Improvement of material decomposition accuracy using denoising and deblurring techniques in spectral mammography

With an increase of breast cancer patients, dual-energy mammographic techniques have been advanced for improving diagnostic accuracy. In general, conventional dual-energy techniques increase radiation dose because the techniques are based on double exposures. Dual-energy techniques with photon-counting detectors (PCDs) can be implemented by using a single exposure. However, the images obtained from the dual-energy techniques with the PCDs suffer from statistical noise because the dual-energy measurements were performed with a single exposure, causing a lack of the number of effective photons.
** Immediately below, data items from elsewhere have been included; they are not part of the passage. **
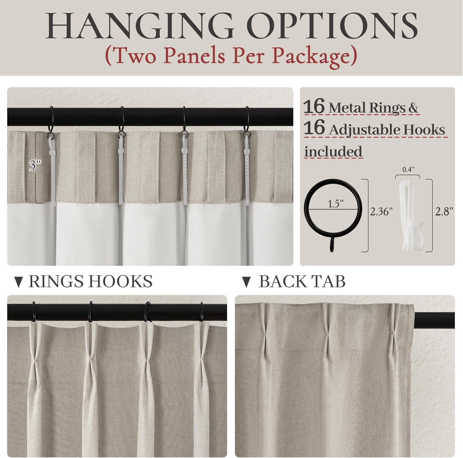 - Pinch Pleats Design:Each panel has 7 pleats.linen draperies are crafted from blended fabric(30%linen,70%polyester),drapes well and not easy-wrinkle.Suitable for various styles:modern,farmhouse,boho,neutral,bedroom,living room,nursery,sliding door,etc.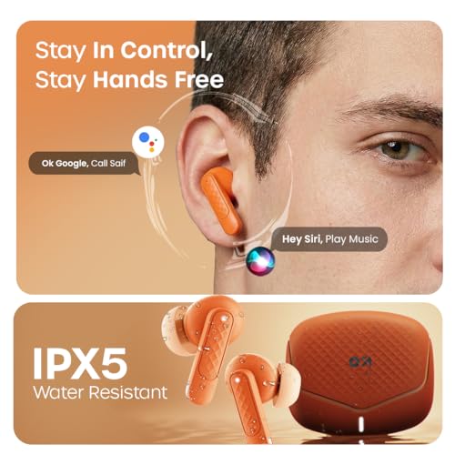 GOBOULT Z40 V2.0 with 70H Playtime, Quad Mic ENC, 45ms Low Latency, 13mm Bass, Legacy Continues, IPX5, Bluetooth 5.4, TWS Truly Wireless in Ear Earbuds (Solar Orange)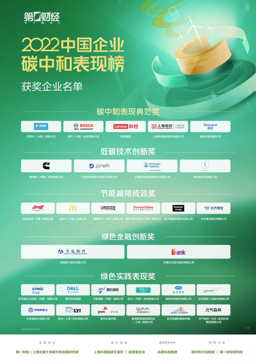 2023年4月22日下午,首屆中國企業(yè)碳中和表現(xiàn)榜頒獎盛典在上海隆重舉行,29家在碳中和進程中表現(xiàn)出色的企業(yè),分獲5大獎項。

Thus, the material decomposition accuracy is decreased, and the image quality is distorted. In this study, denoising and deblurring techniques were iteratively applied to a dual-energy mammographic technique based on a PCD, and we evaluated RMSE, noise, and CNR for the quantitative analysis of material decomposition. The results showed that the RMSE value was about 0.23 times lower for the decomposed images with the denoising and deblurring techniques than that without the denoising and deblurring techniques. The noise and CNR of the decomposed images were averagely decreased and increased by factors of 0.23 and 4.17, respectively, through the denoising and deblurring techniques. But, the iterative application of the debelurring technique slightly increased the RMSE and noise. Therefore, it is considered that the material decomposition accuracy and image quality can be improved by applying the denoising and deblurring techniques with the appropriate iterations.